Luke Richard Maile (born February 6, 1991) is an American professional baseball catcher for the Cincinnati Reds of Major League Baseball (MLB). He has previously played in MLB for the Tampa Bay Rays, Toronto Blue Jays, Milwaukee Brewers and Cleveland Guardians. Before his professional career, Maile played amateur baseball for Covington Catholic High School and the University of Kentucky.

Amateur career
Maile attended Covington Catholic High School in Park Hills, Kentucky. While there he set school records for batting average, on-base percentage, hits, walks, runs scored, runs batted in (RBIs), doubles, and triples. Maile was named The Cincinnati Enquirers Player of the Year in three of his four years at Covington Catholic, and was named Kentucky's Mr. Baseball in his senior year. He graduated in 2009.

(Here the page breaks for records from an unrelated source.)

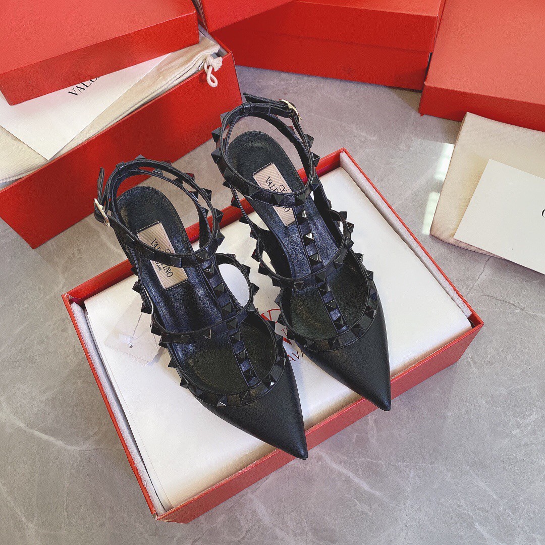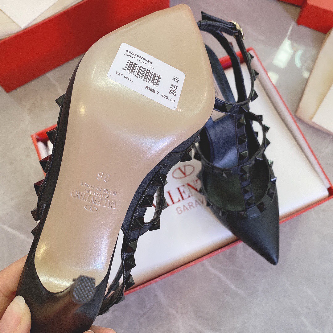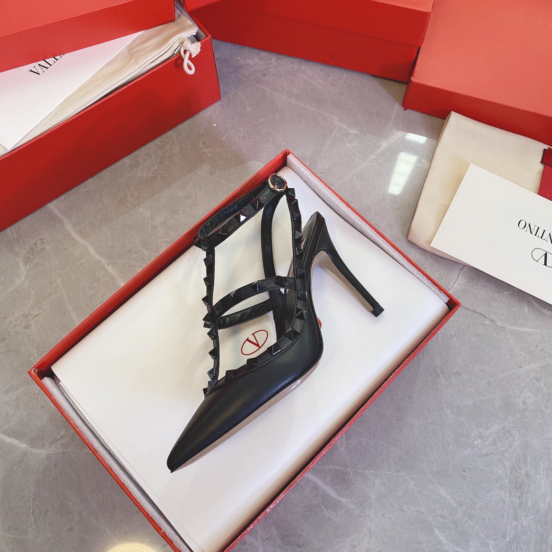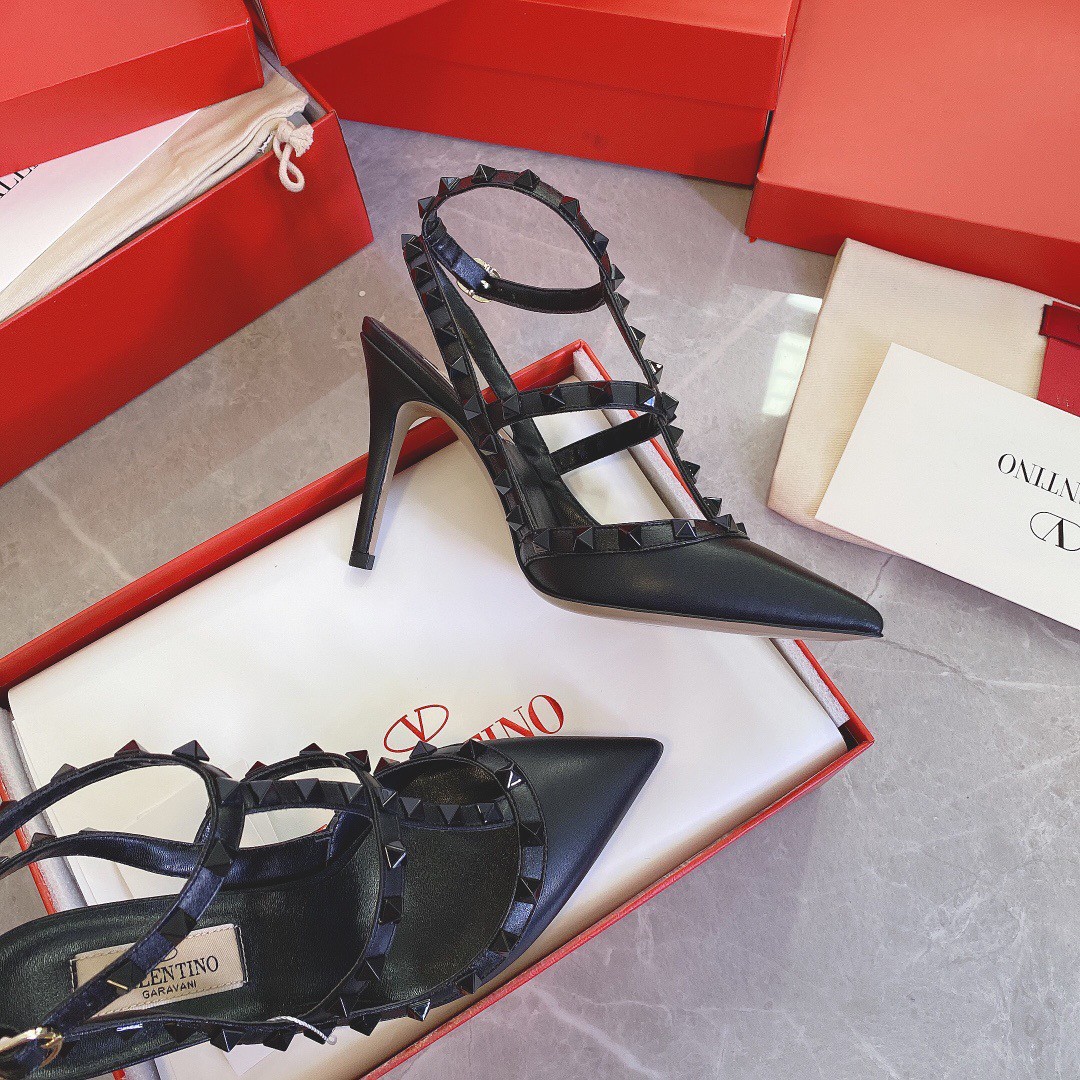 These black ankle strap pumps encapsulate Valentino Garavani’s careful balance of femininity and rebellion. Made from smooth leather, they have a point-toe silhouette with Rockstud-embellished straps and stiletto heels.
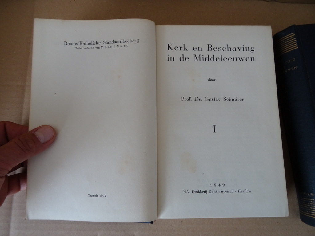 Kerk en Beschaving in de Middeleeuwen door Prof. Dr. Gustav Schnürer, deel I en II, tweede druk uit 1949. De boeken zijn in goede gebruikte staat, gelezen maar van binnen nog vrij mooi. Slechts voorin en achterin wat vochtplekjes, in de boeken zelf niet. 467 en 613 pagina’s. Afkomstig uit de collectie van een pastoor op leeftijd.
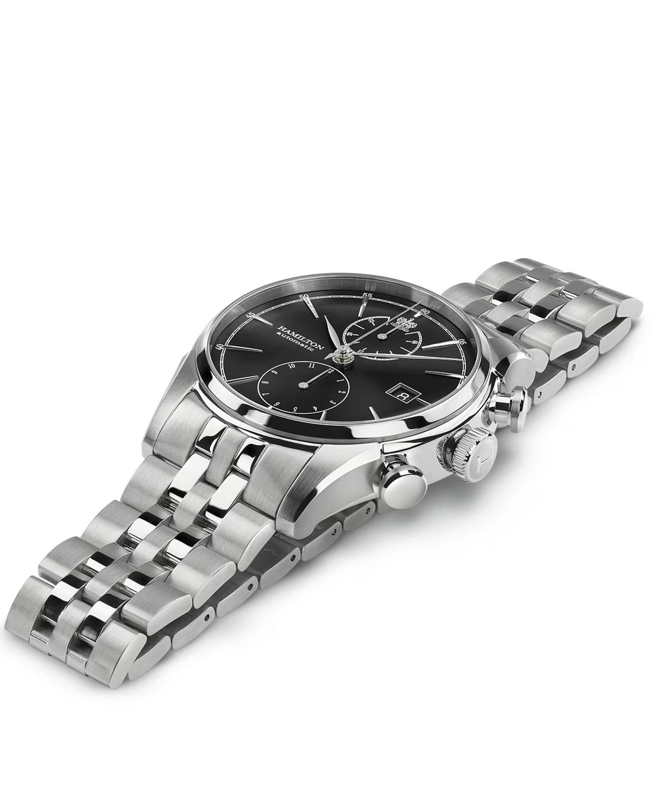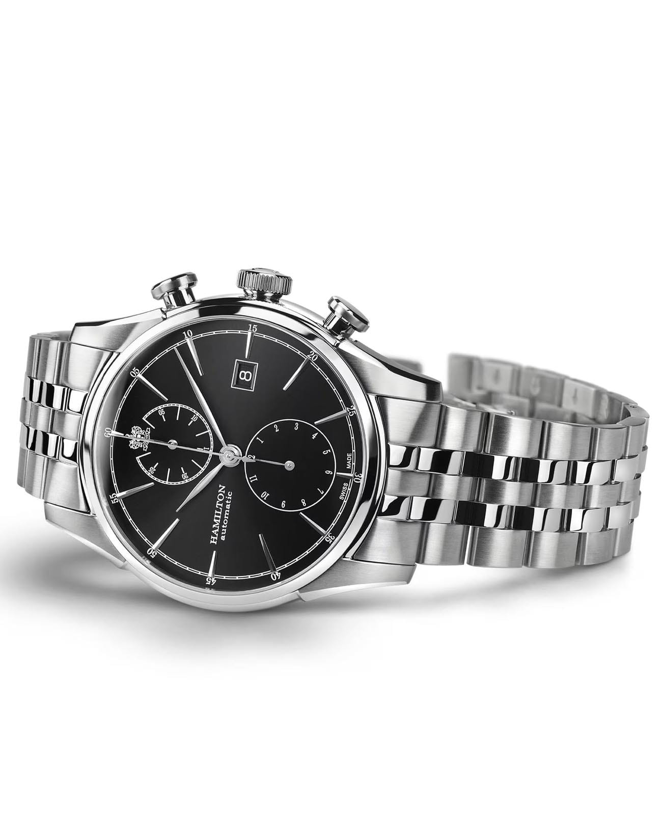 Мужские механические часы Hamilton American Classic Spirit of Liberty Auto Chrono H32416131 c хронографомХронографФункция позволяет измерять отрезки времени с особой точностью: часы, минуты, секунды. Верным признаком хронографа является наличие на циферблате 3 дополнительных окошек-счётчиков.. Сапфировое стеклоСапфировое стеклоПрочный и надёжный материал из кристалла сапфира синтетического происхождения, характеризующийся особой твёрдостью и устойчивостью к царапинам и повреждениям. устойчивое к появлению царапин, обладающее высокой прозрачностью. Класс водозащиты: 50 метров, позволит защитить корпус от случайных брызг или капель дождя. Корпус часов изготовлен из нержавеющей стали. Браслет на застёжке "Бабочка". Окошко даты находится в положении 3 часа.
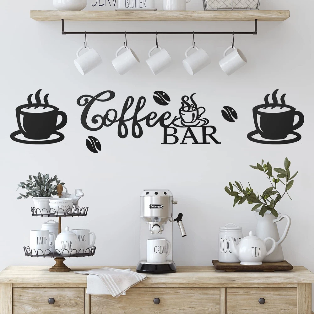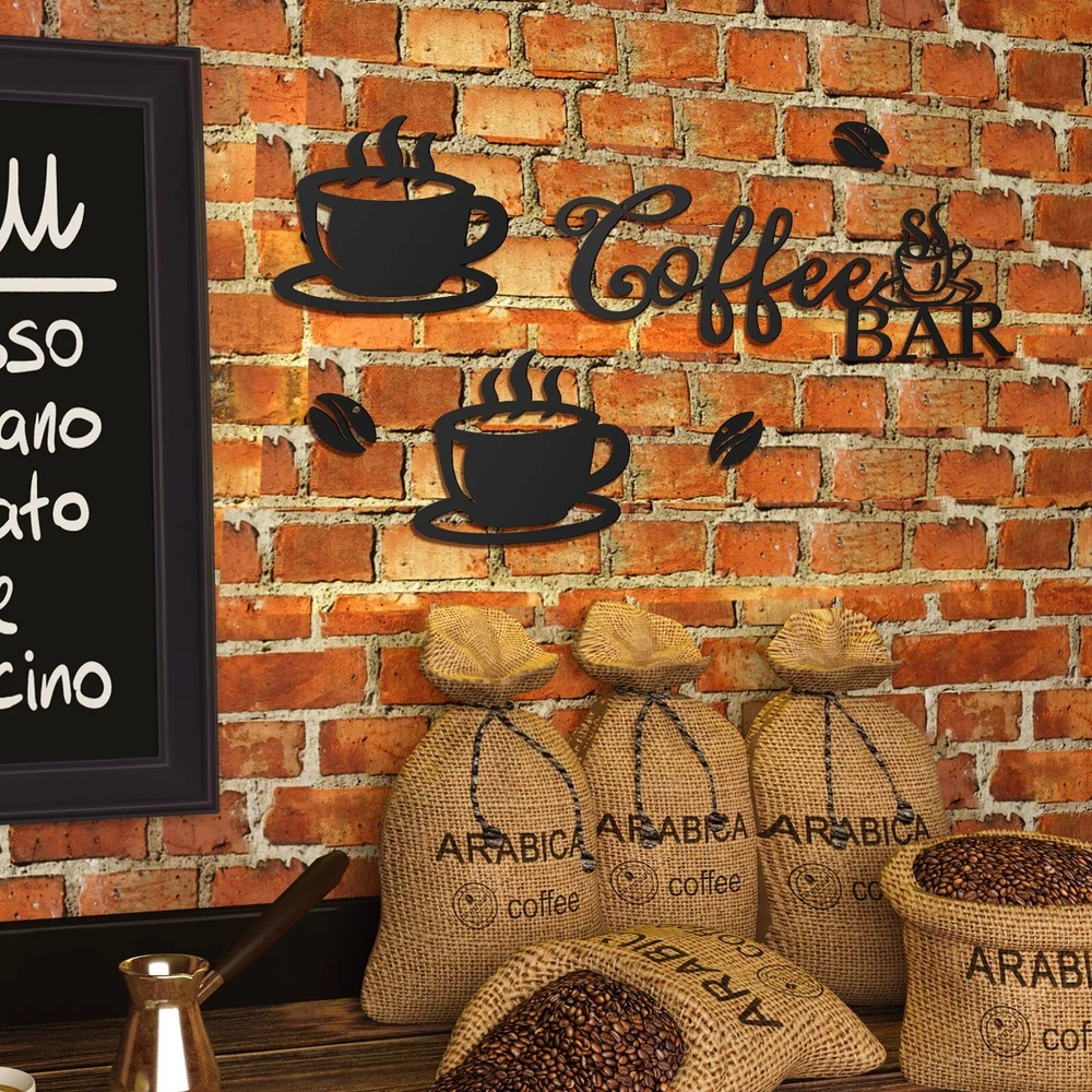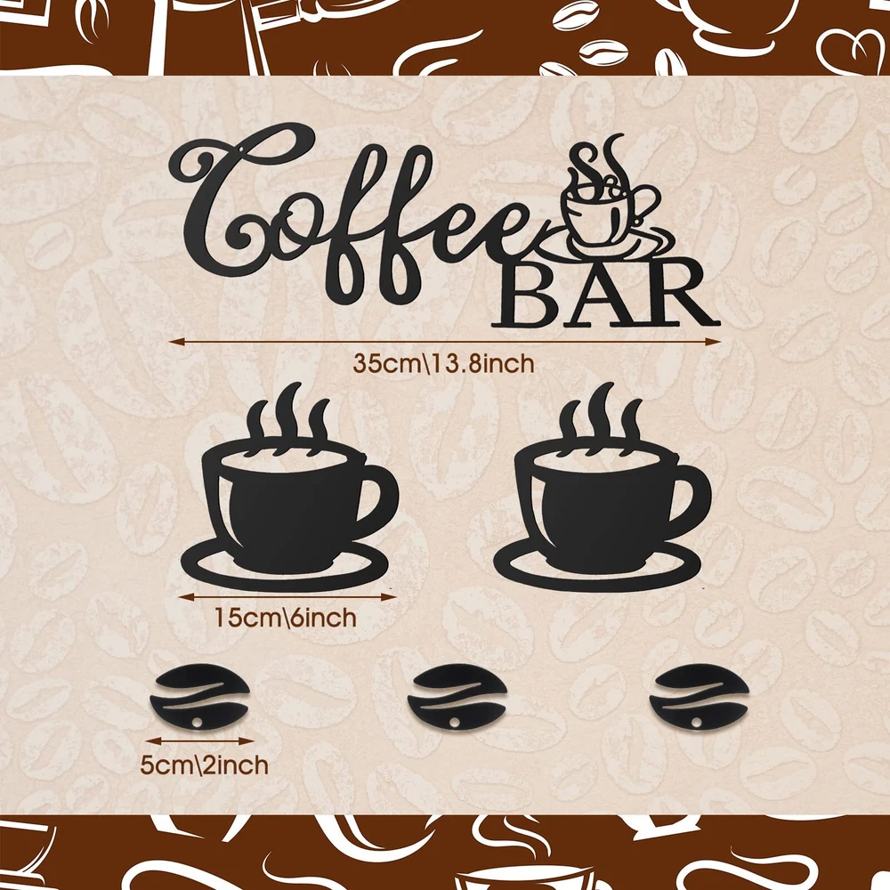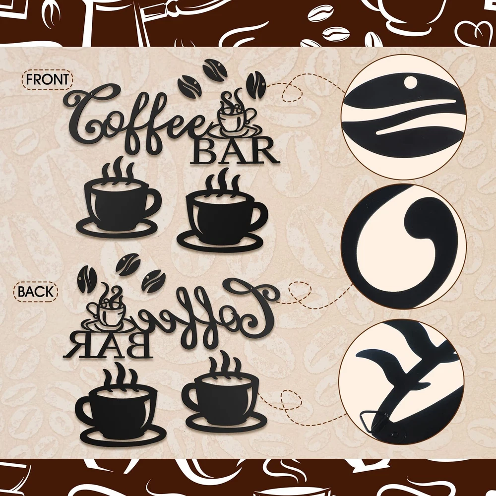 Features: The art farmhouse kitchen wall decor can be served as a present, so you can send it to your family members, friends, colleagues roommates or others on birthday parties, Christmas parties, Thanksgiving parties and other holiday parties, which can make them happy. The coffee station metal letter sign is printed with letters of [Coffee bar] and a coffee cup pattern, which can make your coffee bar attractive and eye-catching, also you can share it with your other friends or colleagues. Specifications: Material: iron Color: black Size: Coffee bar wall accessory: approx. 14 inches in length Coffee bean sign: approx. 2 inches in length Package includes: 1 x Coffee bar wall accessory 1 x Coffee bean sign 2 x Coffee cup signs Note: Manual measurement, please allow slight errors on size. The color may exist slight difference due to different screen displays. Black coffee bar accessory: you will receive 1 piece of coffee bar rustic metal sign and 3 pieces of coffee bean signs, which can match well with your overall decoration, making your home, restaurant or other places full of elegant and stylish atmosphere Serviceable material: this rustic coffee bar metal hanging sign is made of iron, exquisite in workmanship, reliable and sturdy to use, not easy to fade or rust, which can maintain its nice shape and serve you for a long time Size information: the coffee bar metal letter sign measures about 13 inches in length, and the 3 coffee been signs measure about 2 inches in length, proper size to get the attention of customers, visitors and others Easy to use: the coffee bar wall decor is designed with many holes, so you can use a rope or some nails to install it easily (not included), offering you much convenience, also they are lightweight, saving you much time and effort in installation Where to hang: this coffee station letter sign is suitable for many places such as dining room, kitchen, coffee , hotel, living room, restaurant and other places, also you can hang it on the windows, doors, walls, fireplaces

The Red Sox selected Maile in the 43rd round of the 2009 Major League Baseball draft, but he did not sign, because they were not offering enough money. Instead, Maile enrolled at the University of Kentucky, where he played college baseball for the Kentucky Wildcats baseball team. In 2011, he played collegiate summer baseball with the Cotuit Kettleers of the Cape Cod Baseball League. In 2012, his junior year, Maile won the Southeastern Conference (SEC) Player of the Week Award twice, was an All-SEC Second Team member, and was a semifinalist for the Golden Spikes Award as well as the Dick Howser Trophy.

Professional career

Tampa Bay Rays
The Tampa Bay Rays selected Maile in the eighth round, with the 272nd overall selection, of the 2012 Major League Baseball draft. He was assigned to the Short Season-A Hudson Valley Renegades for the entire 2012 season, appearing in 61 games and batting .278 with three home runs and 41 RBIs. In 2013, Maile played in 95 games for the Class-A Bowling Green Hot Rods. He finished the year with a .283 batting average, four home runs, and 49 RBIs. During the offseason, Maile played for the Salt River Rafters of the Arizona Fall League.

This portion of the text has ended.